Jetzt ist Ihre Meinung zu Xigmatek Aegir: Neuer, mystischer CPU-Kühler mit D.L.H.D.T. gefragt. 

Bitte beachten Sie: Der Kommentarbereich wird gemäß der  Forenregeln moderiert. Allgemeine Fragen und Kritik zu Online-Artikeln von PC Games Hardware sind im Feedback-Unterforum zu veröffentlichen und nicht im Kommentarthread zu einer News. Dort werden sie ohne Nachfragen entfernt.

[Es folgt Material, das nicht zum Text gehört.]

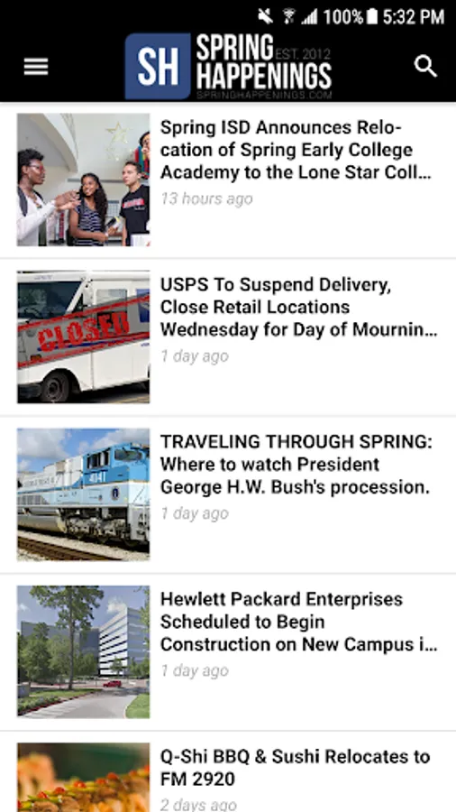 This is the official mobile application of Spring Happenings and SpringHappenings.com, a division of Spring Media LLC in Spring, Texas. The app offers news, weather, traffic and community information. You can count on us to provide you with up-to-the-minute factual information regarding news that is relevant to the Spring community. You will have immediate access to the latest articles, photos, and videos from the Spring Happenings newsroom, all in one convenient application.

			Dieser Inhalt steht nur eingeloggten Mitgliedern zur Verfügung.
        

 Zurück zum Artikel: Xigmatek Aegir: Neuer, mystischer CPU-Kühler mit D.L.H.D.T.


----------



## pVt_m4sTeR (10. August 2010)

*Xigmatek Aegir: Neuer, mystischer CPU-Kühler mit D.L.H.D.T.*

Xigmatek ist echt ne aufstrebende Marke. Bin gespannt was noch so von denen kommt. Mein nächstes Case wird jedenfalls den Namen Asgard tragen :p


----------



## TSchaK (10. August 2010)

*AW: Xigmatek Aegir: Neuer, mystischer CPU-Kühler mit D.L.H.D.T.*



> So liegen vier 6-Millimeter-Heatpipes direkt auf dem CPU-Heatspreader,  zwei 8-Millimeter-Röhren sind über den anderen Heatpipes angebracht.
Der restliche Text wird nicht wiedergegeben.